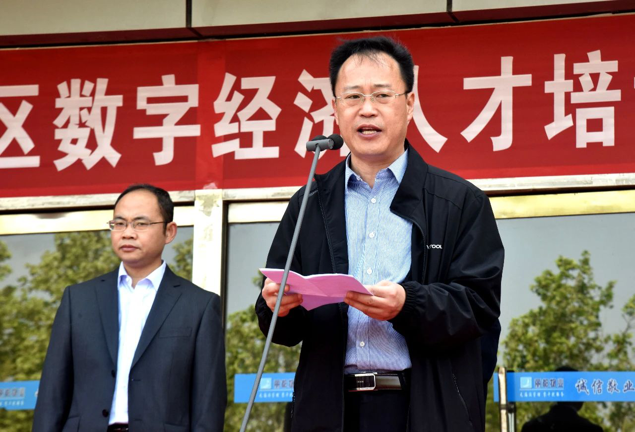 首先,滨城区副区长朱庆林同志讲话。他说,去年以来,滨城区加快城市经济转型发展的步伐,以数字经济产业园为切入口,全力破解经济结构不合理、发展后劲不足的瓶颈难题。数字经济产业园总建筑面积约25000平方米,主楼23层,地下1层,可同时容纳近50家电子商务总部同时入驻。截至目前,已有鲨鱼菲特、阿里巴巴、十方云播、十方云服4家头部企业入驻。山东华拓网络—翠鸟数社大数据、牙博士、图腾商贸3家企业已经完成入驻签约。到年底,入驻项目将达到15个,实现销售收入10亿元,带动增加就业1500人。朱庆林指出,滨城区数字经济产业园瞄准全省一流目标,努力成为全市经济转型发展的桥头堡。而高质量发展最终靠的是人才,人才是“第一动力”。电子商务和新零售模式快速推开,社会对电子商务人才的需求越来越迫切。正所谓“栽下梧桐树,引得凤凰来”,现在平台已经搭就,需要各方英才投身现代化新滨城建设中来。
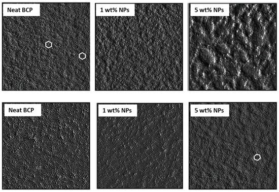 The amount of MNPs varied between 1 and 5 wt% at the nanocomposites. Thin films were annealed with saturated dioxane (selective for the PS block) vapors for several exposure times. When samples were annealed for 24 h, the hexagonal morphology of the neat BCP was maintained for the nanocomposite with 1 wt% NPs. However, by increasing the MNP amount, the morphology of the BCP was disrupted. When the films were annealed for 48 h, the neat BCP self-assembled into a stripped morphology, presenting a lamellar structure normal to the substrate. With 1 wt% MNPs, the morphology was maintained, but higher MNP amounts resulted in a nanostructure formed by cylinders perpendicular to the surface, despite some lamellae also were detected. This morphology evolution, in terms of AFM characterization, is shown in Figure 8. MNPs appeared to be well dispersed, without any agglomerations. The reason given by the authors for this evolution of the morphology was the following: as MNPs were selectively placed at PS domains (demonstrated by the elimination of the organic part by UV radiation), there was a reduction in their mobility. SQUID measurements were employed for the magnetic characterization of the nanocomposite films, showing that the magnetic properties were transferred to the nanocomposites.
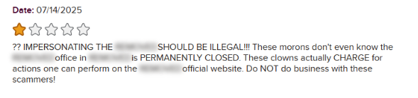 The site is inherently misleading, even though it has a disclaimer. Many reviewers on Trustpilot even seem to confuse DMV.org with their local DMV or office of motor vehicles (OMV) branch, as some people cite customer service complaints or positive experiences following DMV visits, like with the review below.
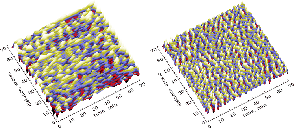 Convective motions in the solar atmosphere have been studied in detail during the past decades, using different types of observations, their analysis, and interpretation. The summary of the investigations before 2000 can be found in Espagnet et al. (1995) and Brandt (2000). According to the final results, the photosphere can be divided into two regions with different physical properties with the border between them lying at heights about 170 km above the continuum formation height (see Espagnet et al. 1995, for details). This conclusion was reached based on the amplitudes of intensity and velocity fluctuations first decreasing with height, reaching minimum at about 170 km and then starting to increase again. The intensities and velocities at heights above and below 170 km do not seem to be correlated with each other. On the other hand, Espagnet et al. (1995) came to the conclusion, based on their own investigations, that the photosphere can be divided into these two regions only in intensity fluctuations, since the vertical convective velocity structure is preserved until heights as high as 500 km. A similar result has also been obtained by Salucci et al. (1994).
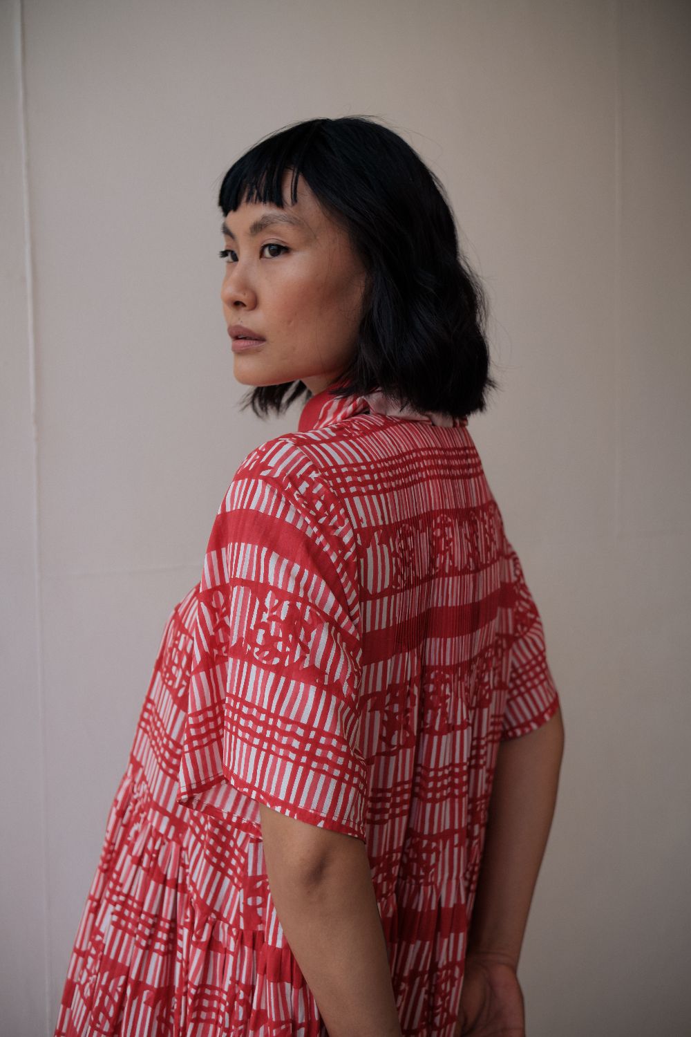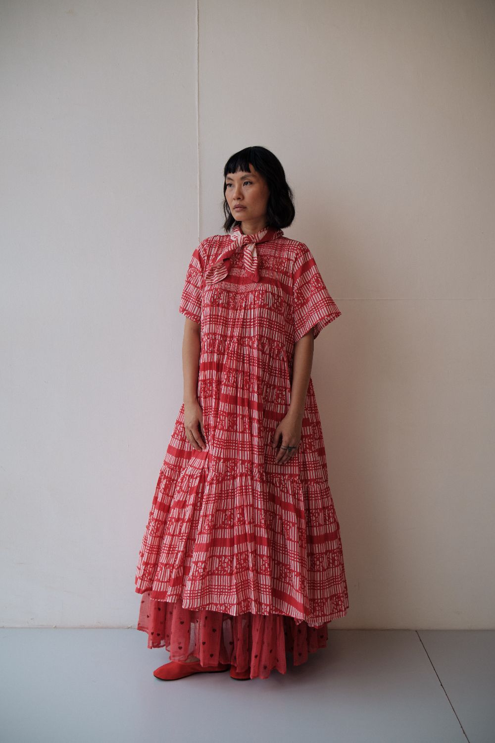 Tiered handblock printed dress in indian cotton.Details of pintucking on neckline .Paired here with a scarf & Maya skirt.
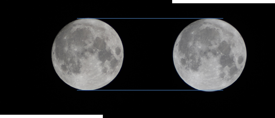 The figure’s left image was taken after moonrise, at about 6 p.m. local time when it had cleared the local, mountainous horizon. The right image was taken with the Moon near its maximum altitude that night, at about 12:30 a.m. The lines across the pair of images show the apparent difference in size: The rising moon is smaller because it was further away when it was rising. At that time, the Moon’s center was about the same distance from Earth’s center and from the observer. At the time of the second picture, Earth had rotated about a quarter-turn and the Moon was highest in the sky. At that time it was almost 4,000 miles closer to the observer because Earth’s rotation has carried the observer more directly under the Moon; Earth’s center was now farther from the Moon than the observer was. Except for the small change in distance between their centers due to the Moon’s orbital motion in those 6.5 hours, the observer’s decrease in distance from the Moon is demonstrated by the pair of photographs.
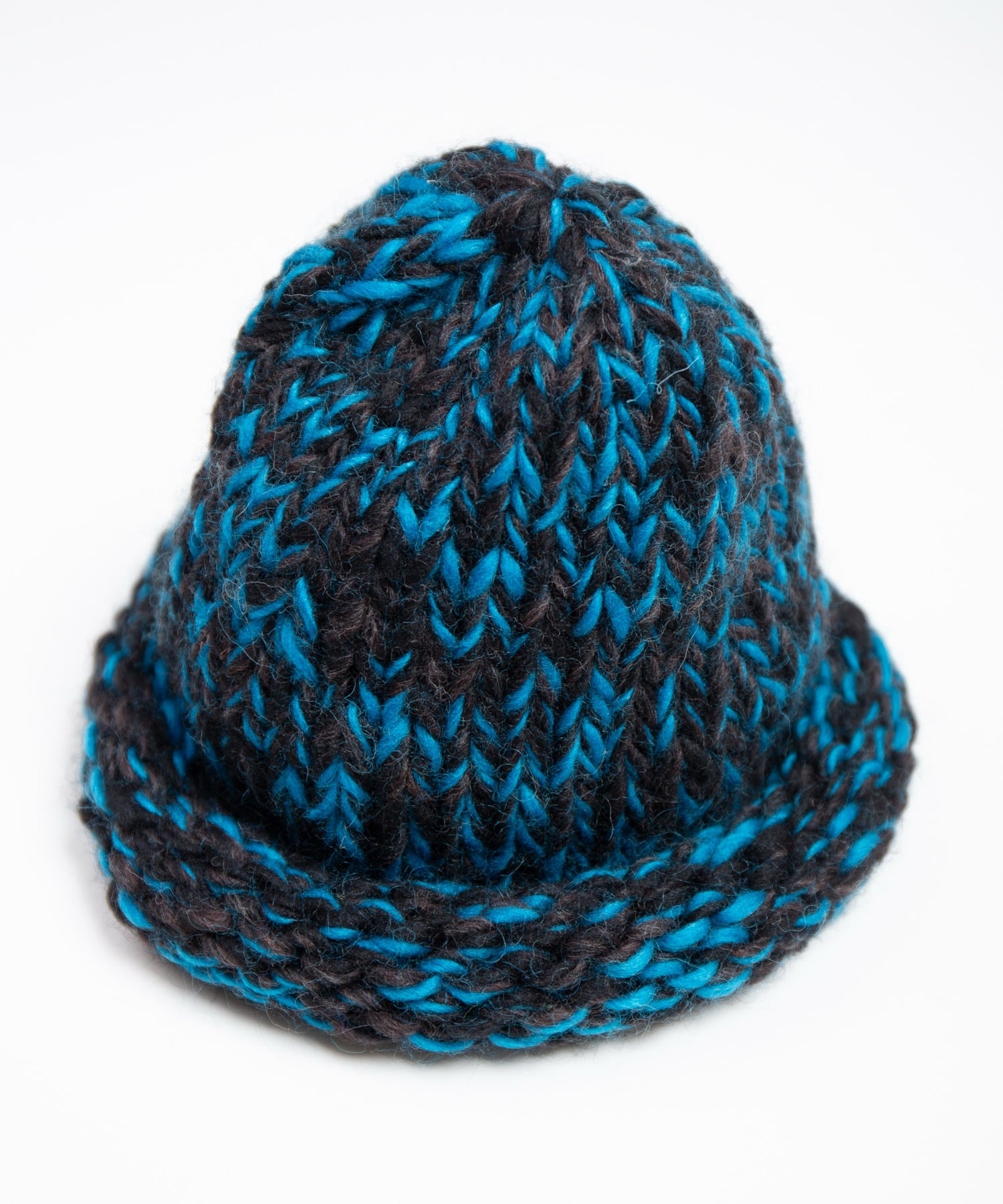ウール糸で編み立てたハンドメイドのニットキャップ。
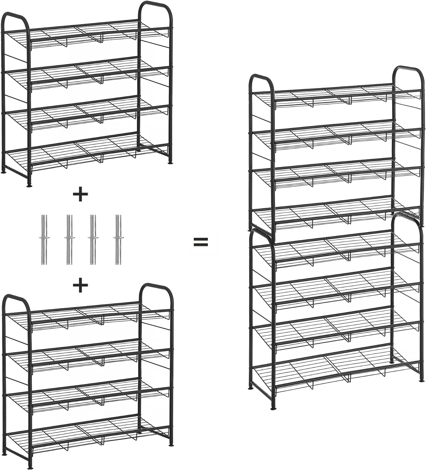 SONGMICS Kovový botník 8 drôtených políc čierny
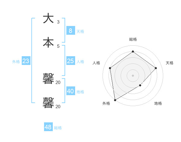 大本 馨馨さんの天格は8画の4点!
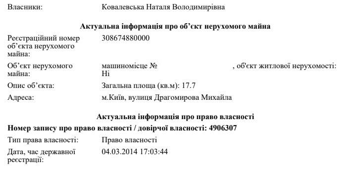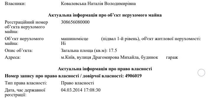 На сьогодні вартість квартири з приблизно такою ж квадратурою складає більше 1 млн $. А два паркомісця, ймовірно, для автомобілів, які належать Наталії Володимирівній.
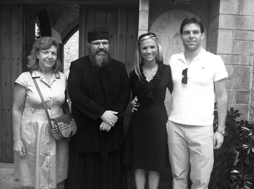 * Απο τις φωτογραφίες ξεχωρίζει και μια ιδιαίτερη στιγμή του ζευγαριού , όπου μαζί με τη μητέρα του Στέφανου Κασσελακη επισκέφθηκαν την Ιερά Μονή Οσίου Δαβίδ στην Εύβοια

_____

» **What this task involves**
Leave the pictures out and retype only the lines from the line with "大本 馨馨さんの天格は8画の4点!" through the final line of the material, both ends included, word for word.

» **Answer to this exercise**
 大本 馨馨さんの天格は8画の4点!
 На сьогодні вартість квартири з приблизно такою ж квадратурою складає більше 1 млн $. А два паркомісця, ймовірно, для автомобілів, які належать Наталії Володимирівній.
 * Απο τις φωτογραφίες ξεχωρίζει και μια ιδιαίτερη στιγμή του ζευγαριού , όπου μαζί με τη μητέρα του Στέφανου Κασσελακη επισκέφθηκαν την Ιερά Μονή Οσίου Δαβίδ στην Εύβοια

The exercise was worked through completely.